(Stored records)
========================================

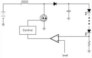圖中顯示了一個基本的電感升壓電路,其中控製器(Control)給出了一個PWMkaiguanxinhaolaikongzhidagonglvkaiguanguan,houzhezaidaotongshiduidianganchongdian,erzaiduankaishidianganzhongdenengliangjiuduidianrongchongdian。jingguojicikaiguanyihoujiukeyibashurudianyabengzhigenggaodedianya,congerwanchengshengyaderenwu。gaibianPWM信號的工作比就可以改變其輸出電壓。為了保持輸出電流的恒定,就要求測量輸出電流值,這是靠一個和LED串聯的小電阻來測量的。這個電阻上的電壓就和一個參考電壓相比較,比較所得出的誤差信號就送去控製器用以改變PWM信號的工作比,這樣就實現了一個閉環自動控製,以控製其輸出電流為恒定。
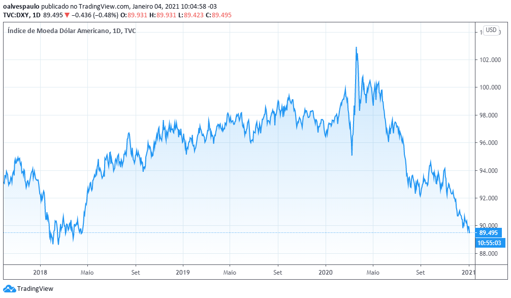 A aposta na queda do dólar se confirmou logo em seguida. O índice DXY, que mede a força da moeda contra uma cesta de divisas fortes, caiu para menos de 89,5 pontos, o menor patamar desde 1º de abril, no auge da crise do coronavírus. O recuo do câmbio no Brasil para R$ 5,18 no fechamento do ano, portanto, foi influenciado pelo fator externo.
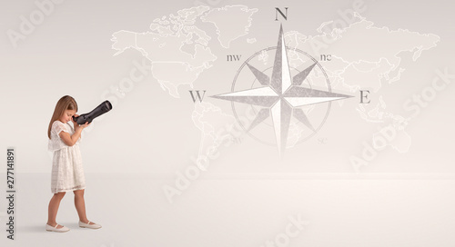 Little girl looking through spyglass to map and compass concept
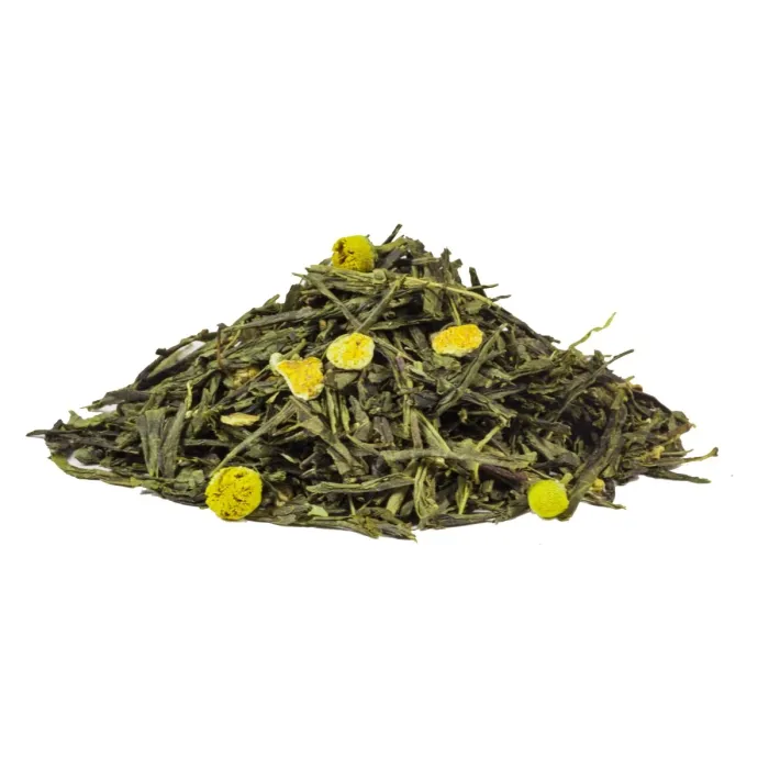 Мягкий зелёный чай сенча, дополненный цветами липы и ромашки с цедрой апельсина. Напиток обладает свежим, цитрусовым ароматом и мягким, цветочным вкусом, создавая лёгкое, расслабляющее впечатление.
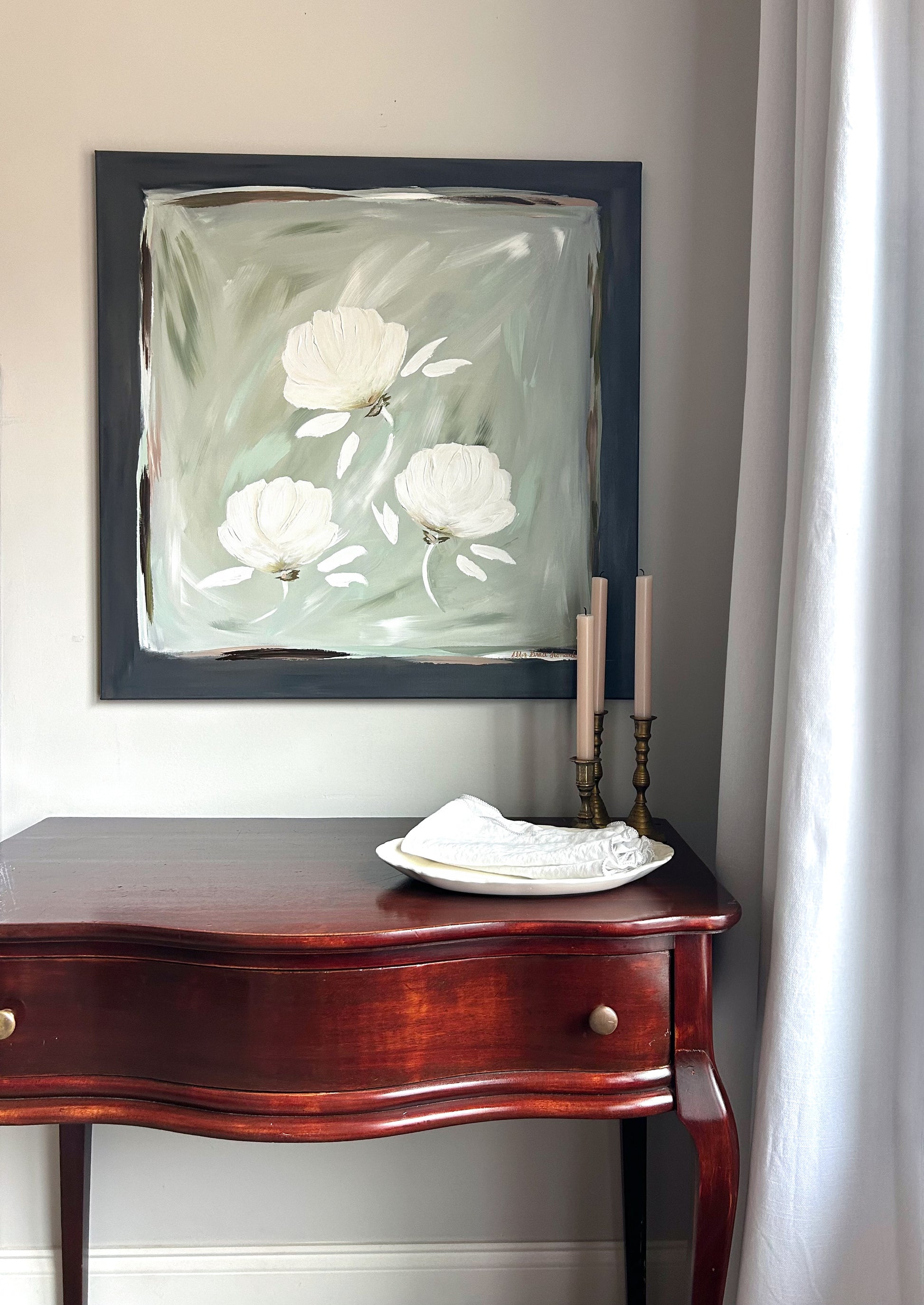 I recommend framing this painting due to the canvas’s depth. However, when it comes to displaying artwork, I want you to be able to choose how your piece is displayed. For that reason, I offer the option of having your piece framed or leaving it unframed. Some people love the classic, finished touch that a float frame adds, while others prefer a different frame style. Having the option to choose allows you to personalize the artwork to perfectly fit your style and space.
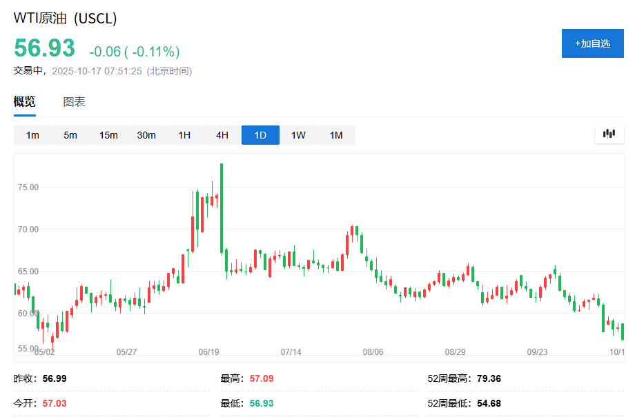 周四,美国WTI原油期货收于每桶56.99美元,下跌2.2%,创下2021年2月以来最低价格,过去一年已下跌19%。本周跌幅已超过今年春季特朗普宣布一系列关税政策引发经济动荡担忧时的低点。
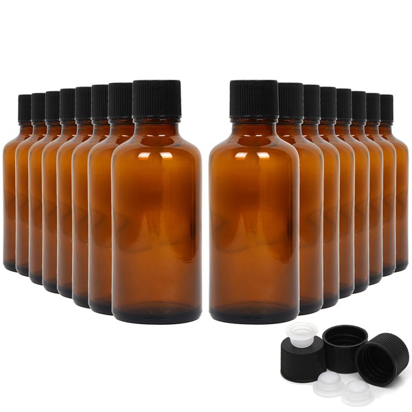 Youngever 12 Pack Empty Glass Bottles with Lids, Amber Glass Tight Seal Lids, Refillable Container for Essential Oils, Vanilla Extract and More (2 Ounce)
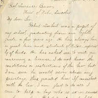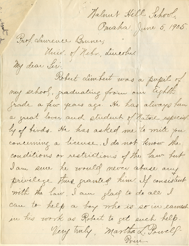 Walnut Hill School Omaha. June 5, 1905 Prof. Lawrence Bruner, Univ. of Nebr., Lincoln My dear Sir: Robert Limbert was a pupil of my school, graduating from our Eight grade a few years ago. He has always been a great lover and student of Nature, especially of birds. He has asked me to write you concerning a license. I do not know the conditions or restrictions of the law but I am sure he would never abuse any privilege thus granting him. If consistent with the law, I am glad to do all I can to help a boy who is so in earnest in his work as Robert to get such help. Very truly, Martha L. Powell Prin.
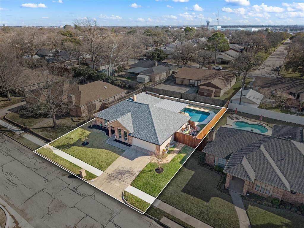 Multiple offers received. Please submit highest and best by Monday at 9:00 AM. Charming single-story home in the desirable Mayfair Addition, zoned to highly sought-after HEB ISD—home of the Blue Raiders. This well-maintained 4-bedroom, 2-bath home also features a dedicated office, offering the flexibility buyers are looking for. The thoughtfully designed floor plan provides spacious living and dining areas that flow easily for both everyday living and entertaining. The private primary suite is tucked away for added comfort, while the additional bedrooms offer great space for family, guests, or hobbies. Step outside to your own backyard retreat complete with a sparkling pool and wrought iron safety gate—perfect for relaxing evenings or hosting gatherings. There’s still plenty of yard space to enjoy, making it ideal for play or pets. Located with convenient access to Highways 183 and 820, and just minutes from Generations Park, shopping, dining, and entertainment along Colleyville Blvd. A wonderful opportunity in a prime location! Enjoy added peace of mind with major updates already completed, including the roof, windows, new pool pump, patio cover, and wood ceramic tile flooring throughout the home.
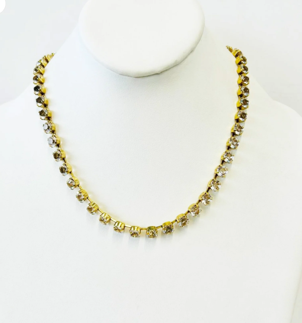 Bring sparkle and shine to any look with this Sarina Necklace in Fairy Dust / Unfoiled, featuring antique gold plating and 6mm high-quality crystals. Its brass base metal and 13" length plus 4" extension, make it the perfect fit for any outfit. Shine on, sweetie!
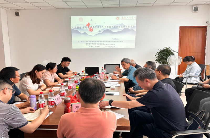 下午,研究团队返回我校(双桥校区),由研究中心主任岳精柱主持召开了“马克思主义与中国‘两个结合’下的地方历史文化研究座谈会”。各位专家围绕马克思主义与中国传统文化的结合、地方历史文化的保护与传承等议题进行了深入研讨。副校长杨桂出席座谈会。
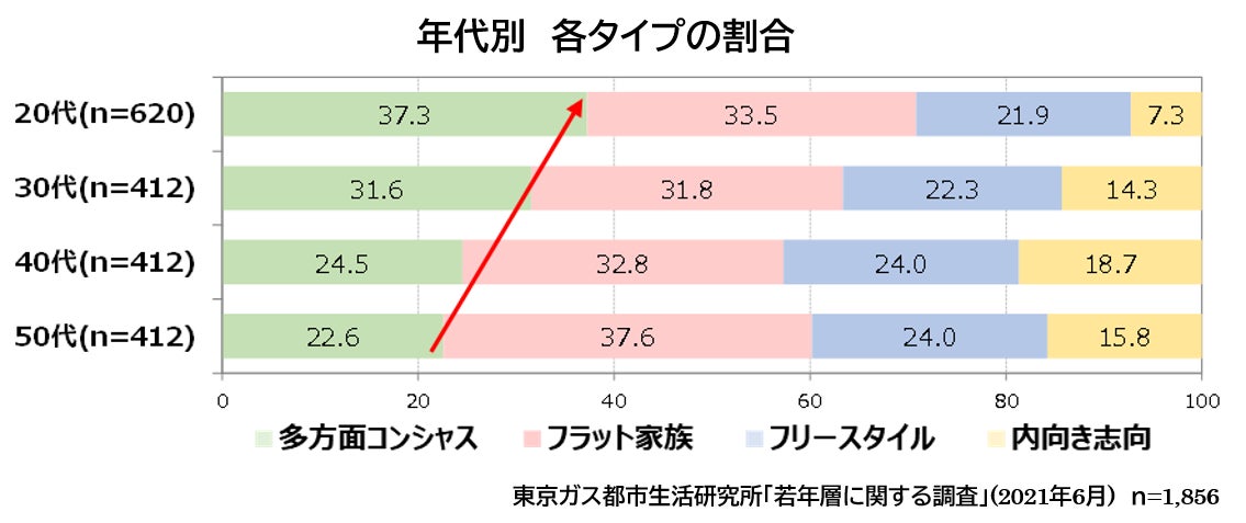 - 20代に最も多いのは、多方面との「つながり」を重視するタイプ!

========================================

In the records above, find the line with "Little girl looking" and the line with "Walnut Hill School"; please transcribe exactly those two lines and all lines between them, omitting any picture.

• [Solution for this problem]:
 Little girl looking through spyglass to map and compass concept
 Мягкий зелёный чай сенча, дополненный цветами липы и ромашки с цедрой апельсина. Напиток обладает свежим, цитрусовым ароматом и мягким, цветочным вкусом, создавая лёгкое, расслабляющее впечатление.
 I recommend framing this painting due to the canvas’s depth. However, when it comes to displaying artwork, I want you to be able to choose how your piece is displayed. For that reason, I offer the option of having your piece framed or leaving it unframed. Some people love the classic, finished touch that a float frame adds, while others prefer a different frame style. Having the option to choose allows you to personalize the artwork to perfectly fit your style and space.
 周四,美国WTI原油期货收于每桶56.99美元,下跌2.2%,创下2021年2月以来最低价格,过去一年已下跌19%。本周跌幅已超过今年春季特朗普宣布一系列关税政策引发经济动荡担忧时的低点。
 Youngever 12 Pack Empty Glass Bottles with Lids, Amber Glass Tight Seal Lids, Refillable Container for Essential Oils, Vanilla Extract and More (2 Ounce)
 Walnut Hill School Omaha. June 5, 1905 Prof. Lawrence Bruner, Univ. of Nebr., Lincoln My dear Sir: Robert Limbert was a pupil of my school, graduating from our Eight grade a few years ago. He has always been a great lover and student of Nature, especially of birds. He has asked me to write you concerning a license. I do not know the conditions or restrictions of the law but I am sure he would never abuse any privilege thus granting him. If consistent with the law, I am glad to do all I can to help a boy who is so in earnest in his work as Robert to get such help. Very truly, Martha L. Powell Prin.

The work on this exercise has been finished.